The late photographer and author of several books, Santu Mofokeng. Picture: African News Agency (ANA)

The late photographer and author of several books, Santu Mofokeng. Picture: African News Agency (ANA)

Published Sep 27, 2023


Pretoria - A legal wrangle has ensued over the pictures and works of world-renowned local photographer and author of several books, Santu Mofokeng.

Mofokeng died in 2020 and donated all his works to the Santu Mofokeng Foundation.

The executor of his estate turned to the Gauteng High Court, Johannesburg to have the donation agreement Mofokeng entered into with the foundation before his death declared unenforceable.

The court was also asked to order the foundation to return the artworks to the executor within seven days.

The application was initially brought by Boitumelo Mofokeng, who remarried the now-deceased in 2016. She was appointed administrator of his property after his death.

During 2008, Mofokeng (the deceased) approached gallery owner Warren Siebrits with a view to housing his artworks at Siebrits’ gallery. He had arrived with his large collection of photographs and requested that Siebrits “take custody and care of them”.

Lunetta Bartz, a consultant in the art world, was Siebrits’ wife at the time. She took up the task of curating and commercialising Mofokeng’s artworks.

A year later, when Siebrits’ gallery closed, Mofokeng asked Bartz to continue offering him professional assistance in managing his artworks.

In August 2015, Mofokeng and Bartz concluded an “exclusive agency agreement”. The agreement was terminated in November 2015 when the donation agreement was entered into. The result was that all his artworks were donated to the foundation.

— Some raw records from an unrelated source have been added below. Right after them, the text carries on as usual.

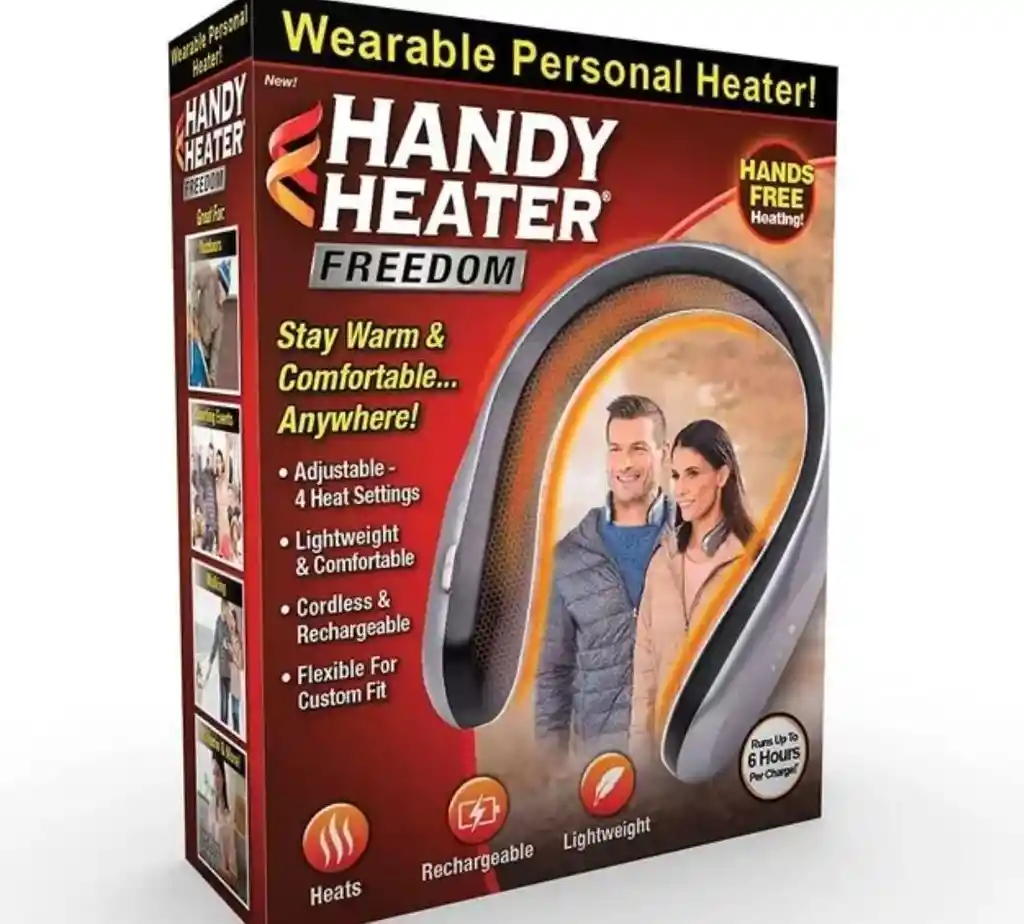 Calentador de cuello portátil único Combate el frío invernal como un profesional con el calentador Ontel Handy, un calentador de cuello portátil que calienta el cuello y el hombro, e irradia calor por todo el cuerpo, manteniéndote caliente y tostado durante todo el día Calefacción personalizada Con tecnología Comfort-Heat y 4 configuraciones de calor, este pequeño calentador le permite personalizar el nivel de calor según sus requisitos de comodidad durante todo el día. Simplemente deslícelo alrededor de su cuello, enciéndalo y el frío se habrá ido Calentador que funciona con baterías este mini calentador liviano funciona con una batería recargable que contiene hasta 6 horas de carga el tiempo de ejecución depende de la configuración de velocidad, lo que lo convierte en un accesorio perfecto para llevar en los fríos días de invierno Calefacción manos libres El diseño inalámbrico y portátil de este calentador portátil mantiene las manos libres, por lo que es ideal para usar incluso en los días más fríos. Con una banda flexible para el cuello y un revestimiento suave al tacto, este calentador de batería se ajusta cómodamente a su cuello Llévalo a cualquier parte .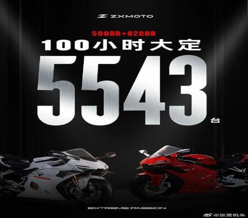2026年3月,張雪機車公布了一個數字:500RR和820RR兩款車型,在限時100小時的大定活動中,累計訂單超過5500臺,創下了國產中排量仿賽車型的預訂紀錄。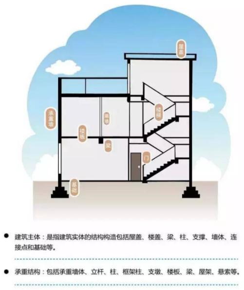 【1】建筑主体是指建筑实体的结构构造,包括屋盖、楼盖、梁、柱、支撑、墙体、连接接点和基础等。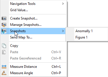 Snapshots can be quickly and easily viewed using the dynamic Snapshots menu item on the map window popup menus.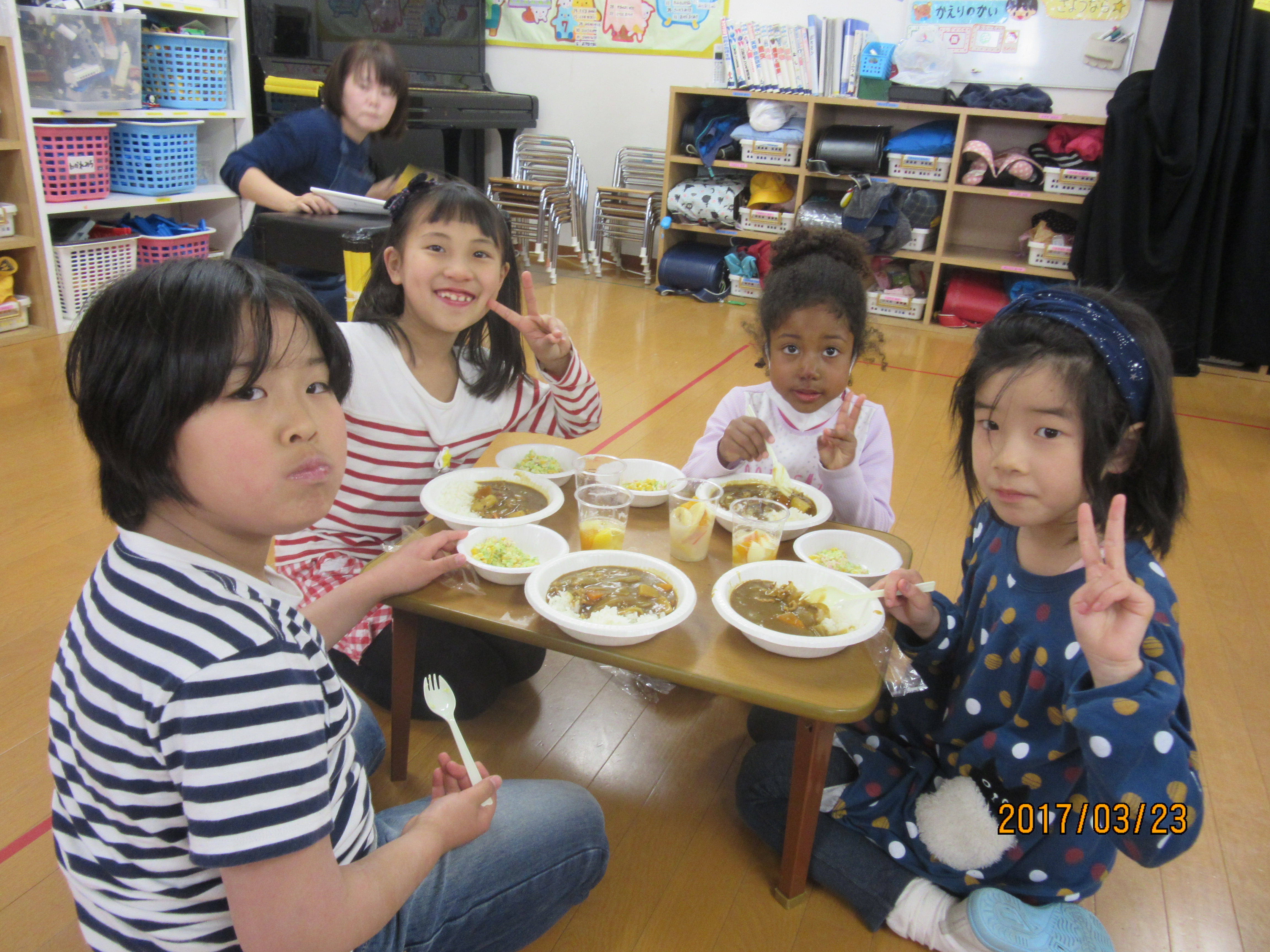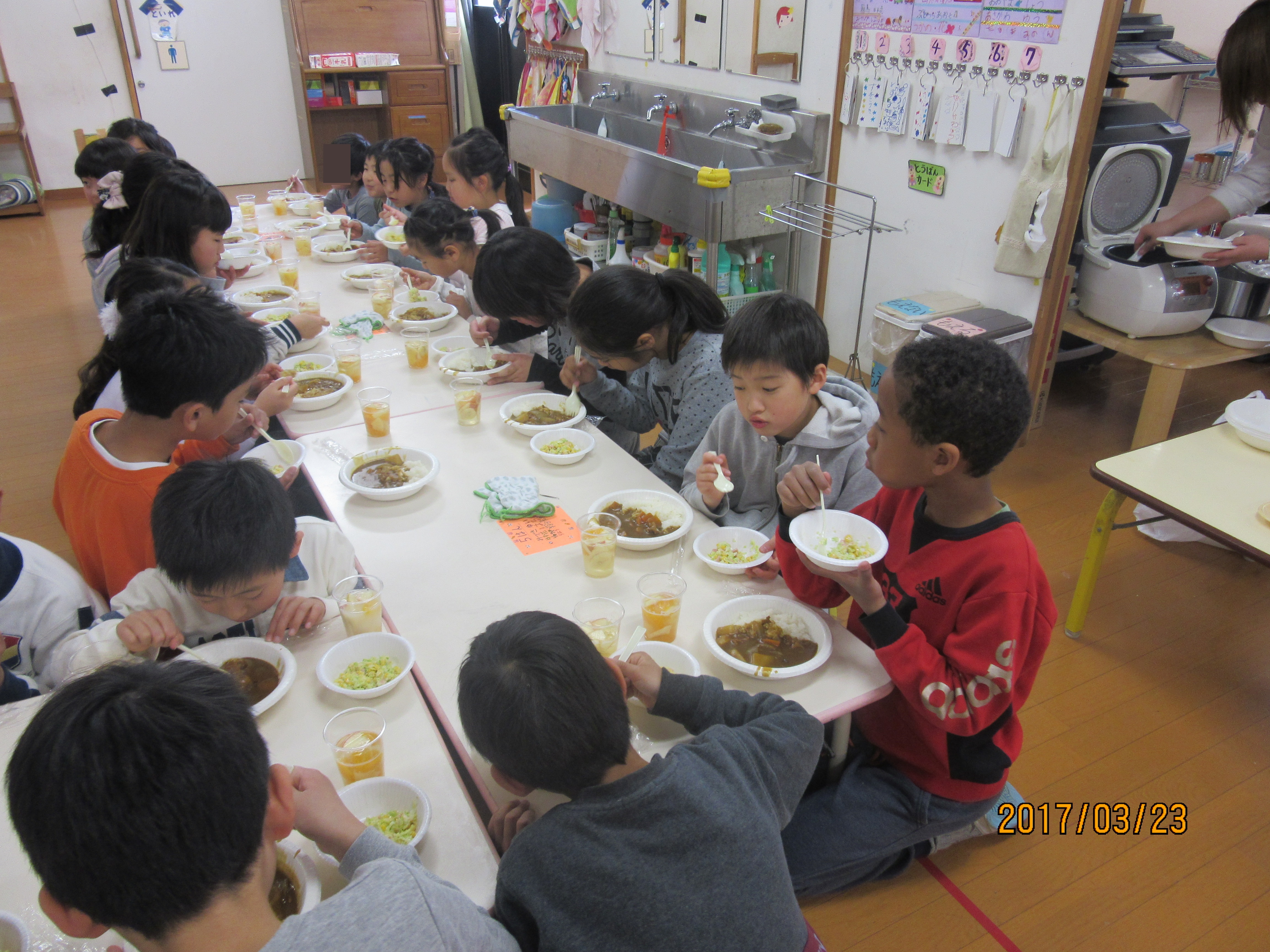 修了式が終わり、子ども達が学童に帰宅すると、カレーのいい匂い♪

In 2013, Mofokeng was involved in a car accident and began to suffer from slurred speech. In October 2015, it was established that he had a terminal disease and that his life expectancy was about three years.

The executor of his estate initially argued that Mofokeng was mentally incapacitated and did not have the requisite mental capacity to conclude the donation agreement at the time that it was concluded.

It was later argued that if it was found that Mofokeng had the requisite mental capacity to conclude the purported donation agreement, then the conclusion and enforcement of the agreement was contrary to public policy.

When Mofokeng was diagnosed with a debilitating disease in 2015, he agitated for the establishment of a foundation.

Judge Gcina Malindi said this indicated that it was not mental incapacity that had afflicted him.

“The medical evidence before court excludes mental incapacity. His wish to preserve his legacy was expressed as far back as 2009,” the judge said.

Judge Malindi further commented that as none of his family could assist him in preserving his legacy, he had already in 2010 executed his last will and testament in which he sought to bequeath his artworks to the Smithsonian institute.

“It is clear from this medical evidence that at the time of the conclusion of the foundation agreement Mr Mofokeng was suffering from physical conditions that were debilitating. There is no evidence of mental incapacity,” the judge said.

The judge concluded that the executor of his estate had failed to establish that Mofokeng lacked mental capacity when he entered into the agreement and turned down the application.